Not true. We don't have 7Ghz cpus either, and the Wii is emulated very well, and its cpu potentially beats (at least matches) each core of the 360/ps3 on a per mhz basis.
On top of that, ps3 and 360 are very multi-core and threaded aware, both have 6 hardware threads and rely heavily on SIMD extensions for their performance, so a parallel processor should do a pretty good job of emulating them.
I'd say its their complexity (full operating systems, complex driver frameworks, and extensive hardware/software protections) that will make emulation unlikely. The original xbox is barely emulated, and the emulation available for the x86 platform in general is very slow.
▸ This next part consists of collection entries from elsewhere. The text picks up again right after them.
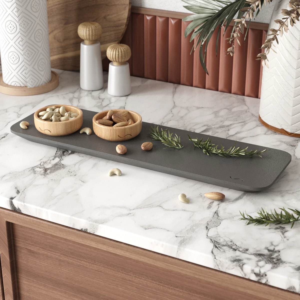 Блюдо изготовлено из архитектурного бетона высшего качества, что делает его невероятно прочным и долговечным. Вас не оставят равнодушными практичность и эргономика этого изделия. Помимо сервировки стола и красивой подачи, блюдо можно использовать в качестве подставки под горячее.
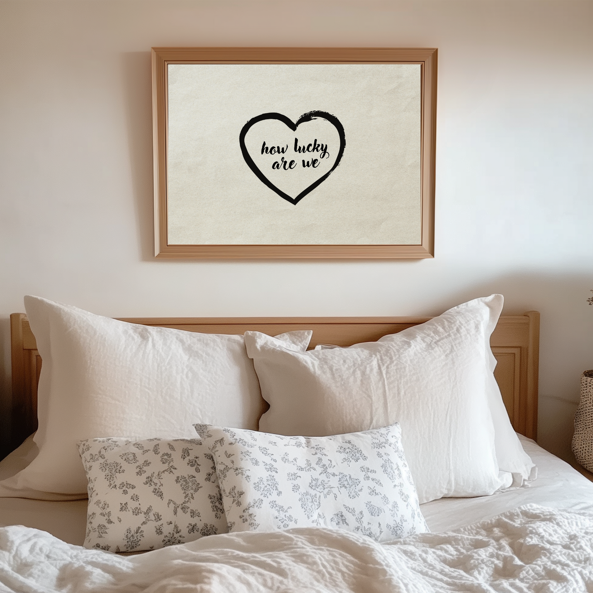 This “How Lucky Are We” heart wall art poster features a hand-drawn heart and soft, neutral tones that bring warmth without overwhelming your space. Simple, meaningful, and timeless — made for rooms that feel lived in and loved.
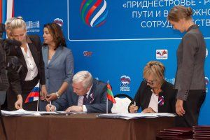 В продолжение межрегионального форума «Приднестровье – Россия: пути и возможности сотрудничества» был подписан ряд соглашений о партнёрстве и взаимодействии. Планы и намерения, озвученные сегодня в ходе дискуссий, нашли свое отражение в конкретных документах. Участники форума стали свидетелями подписания соглашения о сотрудничестве между Верховным Советом ПМР и законодательным собранием Иркутcкой области, совместных заявлений о партнерстве и взаимодействии в области развития межрегиональных связей с Брянской и Калининградской областью. Подписи были поставлены и под документами о сотрудничестве между городскими и районными Советами народных депутатов и законодательными собраниями и областными думами регионов РФ: Смоленска, Воронежа, Иркутска, Калининграда, Калуги, под договорами, определившими «дорожную карту» сотрудничества между Торгово-промышленными палатами Приднестровья и Московской области, молодежными организациями России и Приднестровья.
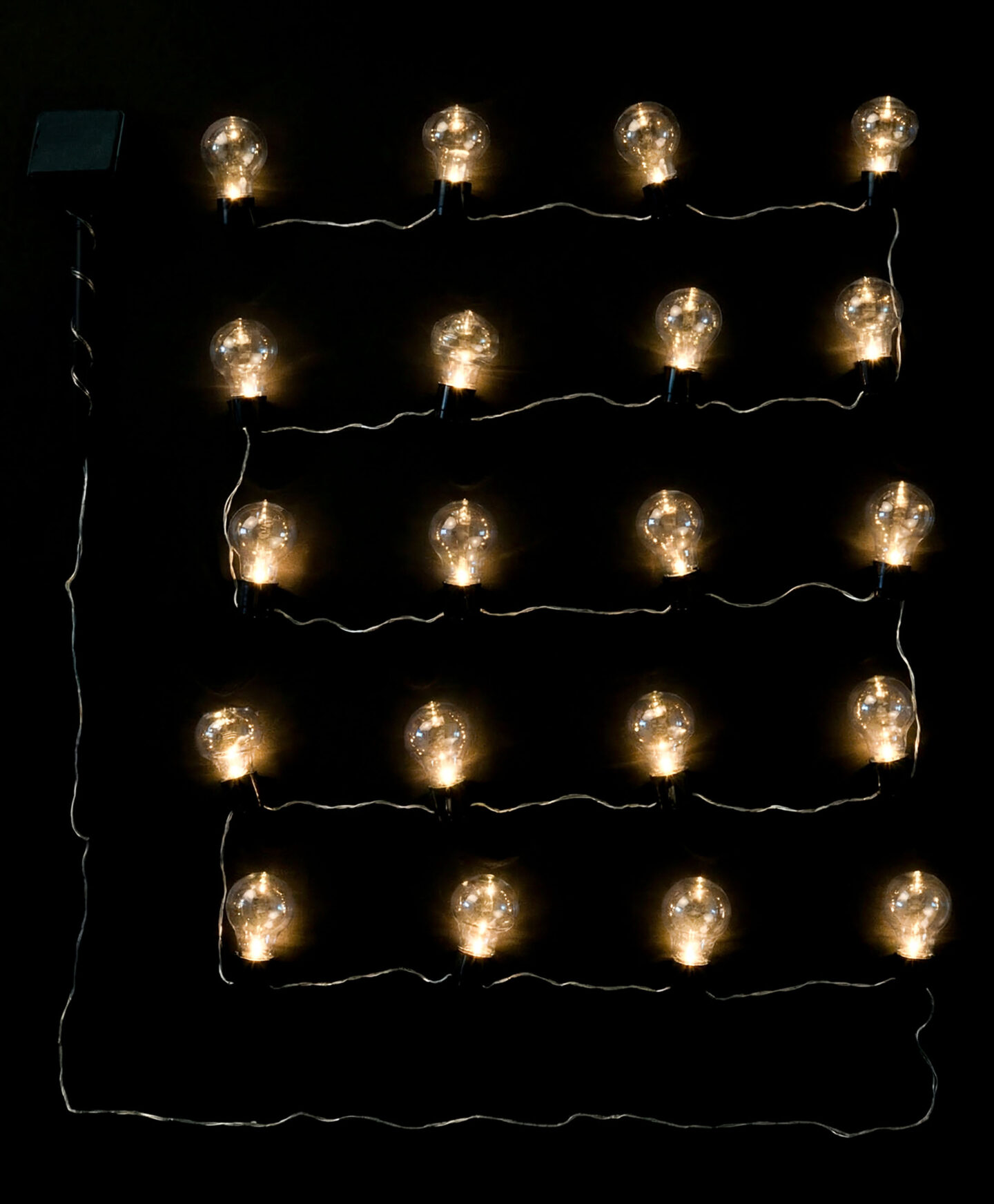 Trak solarnih luči z 20 LED žarnicami s pomočjo vgrajene sončne celice deluje brez dodatnih kablov in baterij. Sestavljen je iz 20 okrasnih LED žarnic klasičnega videza, ki pričarajo čarobno in prijetno vzdušje. Luči se samodejno prižgejo ob mraku in ugasnejo ob zori ter tako zagotavljajo nemoteno osvetlitev skozi celo noč.
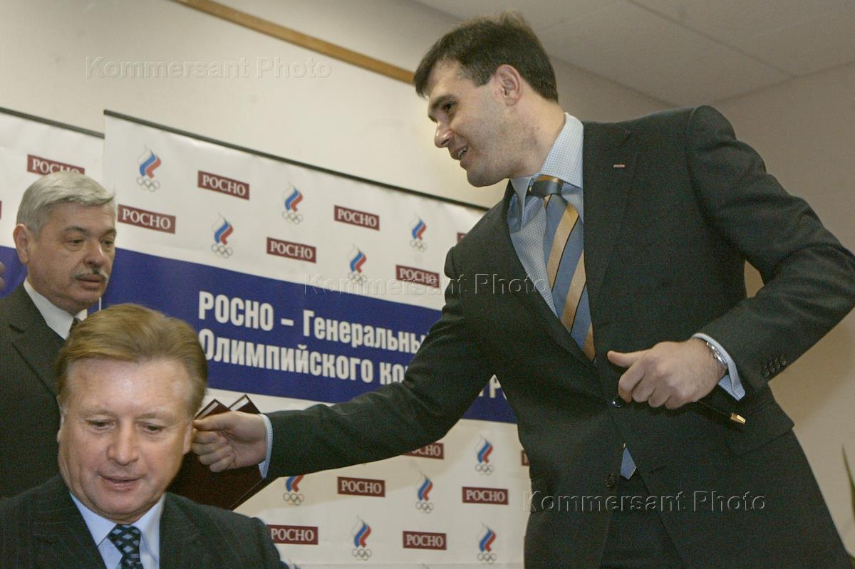 President of the Russian National Olympic Committee (OKR) Leonid Tyagachev (sitting left) attends signing of the agrement between OKR and ROSNO insurance company by ROSNO Director General Leonid Melamed (right) and OKR officials. The event took place in the Golden Ring Hotel.
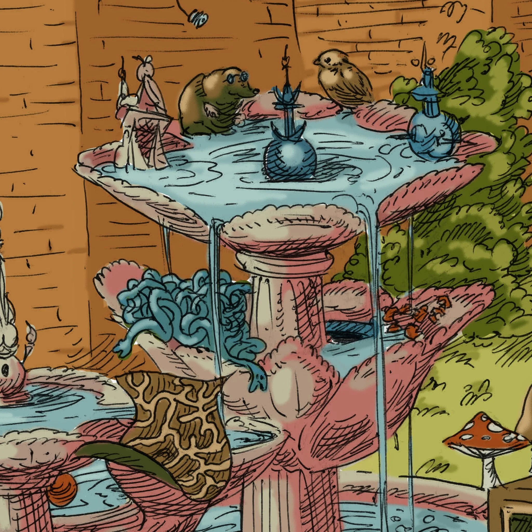 Ik had mijn gebruikelijke losse planning te volgen. Ijsbeerde weinig gemotiveerd in mijn kantoor. Ik herinnerde mij het molletje. Ik opende het raam. De mol had de poel bovenaan de fontein bereikt. Hij ruziede er met een mus. Beiden sloegen ze om beurten geïrriteerd in het water, gelijkaardig aan hoe filosofen met pruiken op hout slaan. Ik liet een stethoscoop zakken, tot net boven de stenen fontein, om hen af te luisteren.
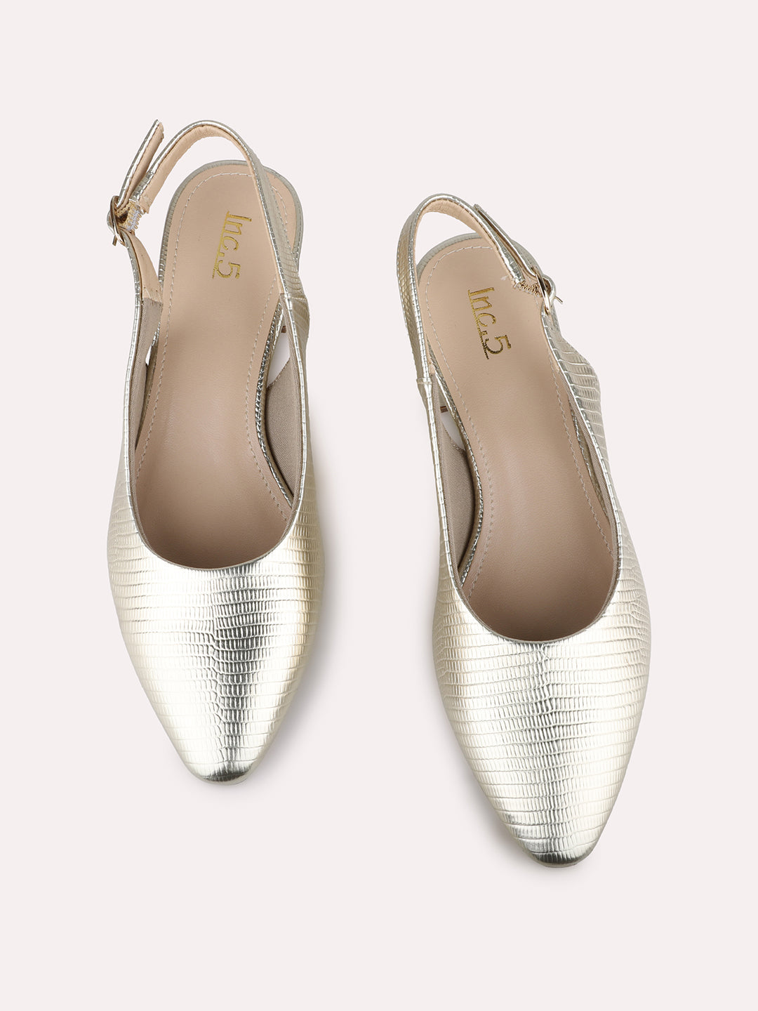 Women Golden Party Wear Solid Pointed Toe Pump Shoes
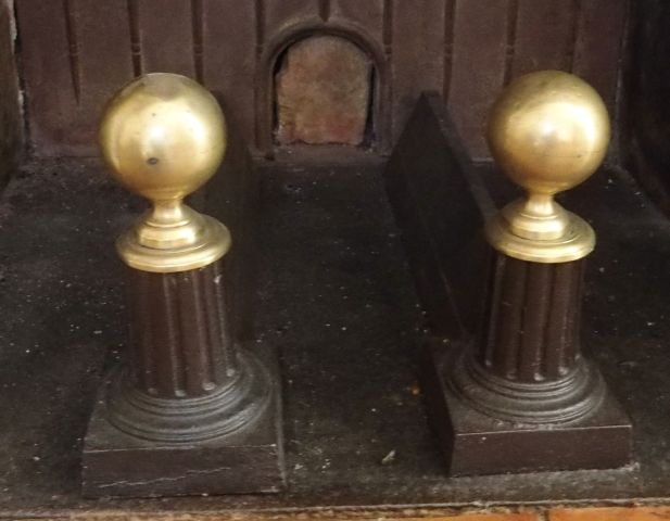 Paire de chenets XIXe en fonte et bronze
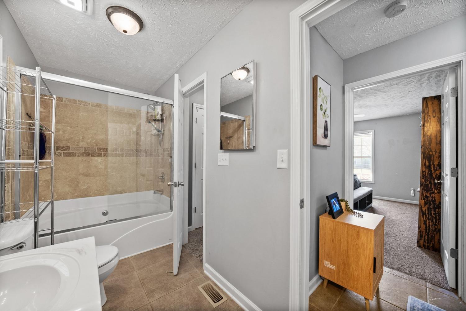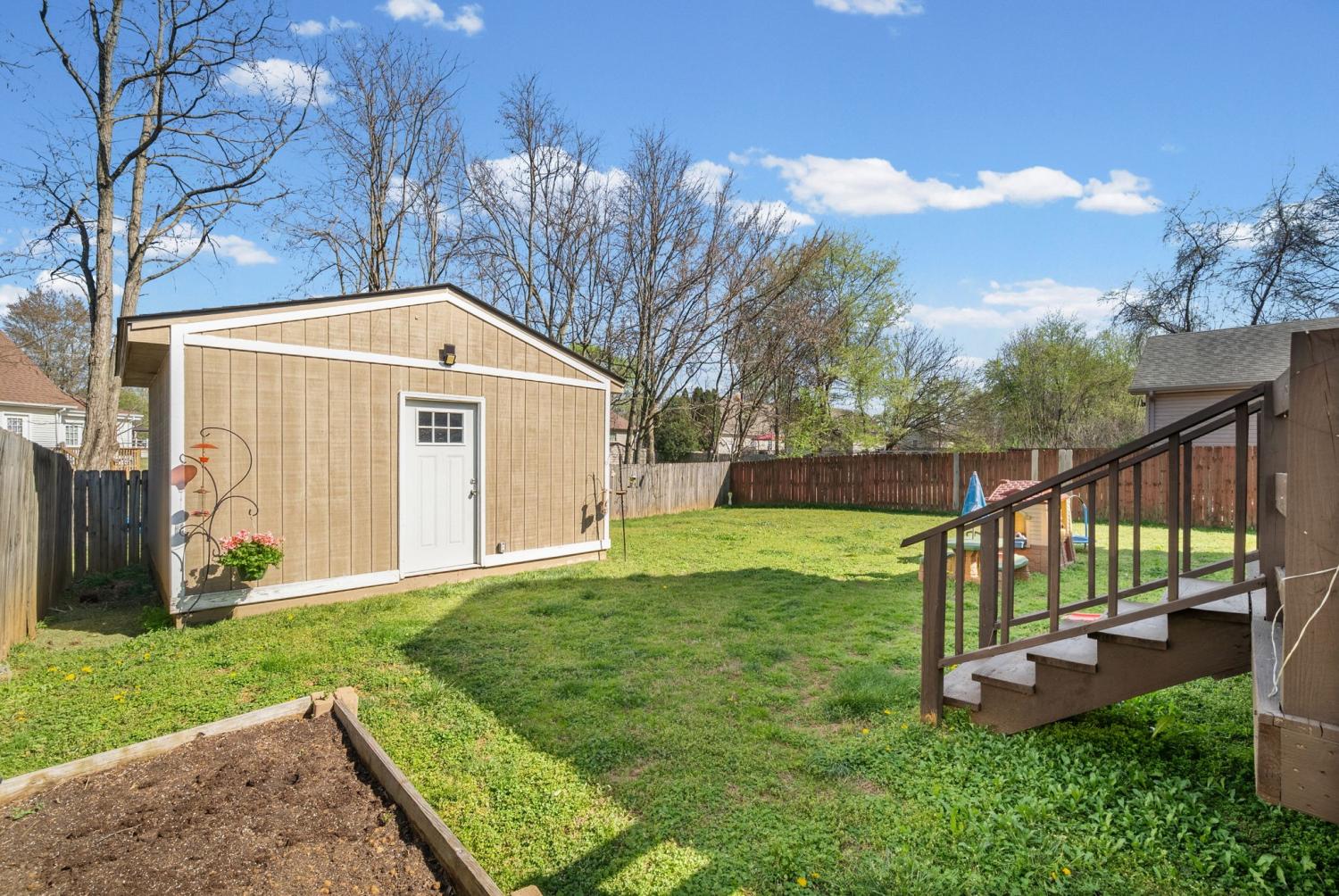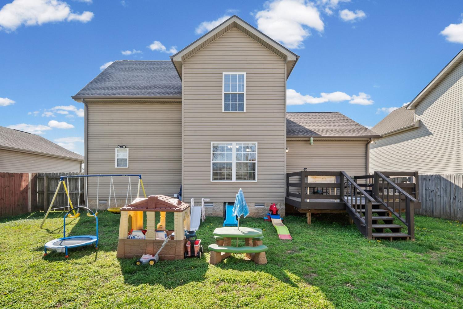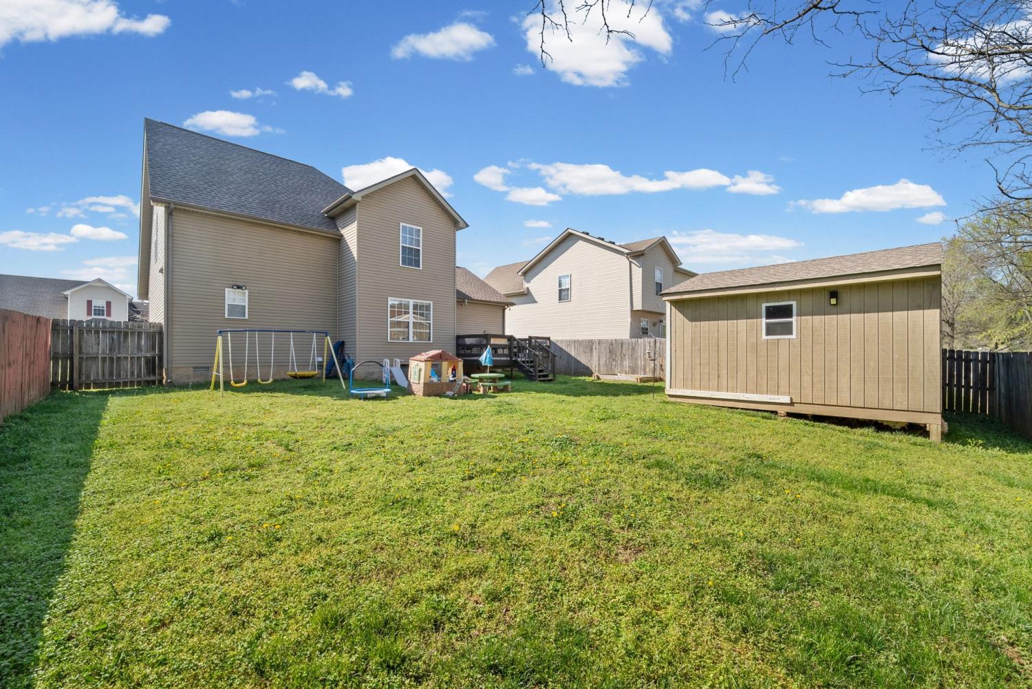 Welcome to this charming home located in the heart of Clarksville! This inviting property offers a functional and comfortable layout perfect for everyday living. The main level features a spacious primary bedroom for added convenience, along with a cozy eat-in kitchen ideal for casual meals and gatherings. Upstairs, you'll find additional bedrooms, providing plenty of space for family, guests, or a home office. Enjoy outdoor living with a covered front patio—perfect for relaxing mornings—and a fully fenced backyard complete with a deck, ideal for entertaining or unwinding in privacy. Conveniently located just minutes from Fort Campbell, shopping, dining, and more, this home offers both comfort and accessibility. With a great combination of space, location, and outdoor features, this home is ready to welcome its next owner!

As far as professional emus, nintendo produced a nearly perfect n64 emulator for gamecube, and the first good n64 emulator (ultrahle) ran on systems with much lower specs than even the gamecube. Not anywhere near perfect, but it was definitely playable with a large number of the available games.

The 3.2GHz PowerPC cores in the Xbox 360 and PlayStation 3 aren't that much slower than the fastest Intel and AMD CPUs cores available today.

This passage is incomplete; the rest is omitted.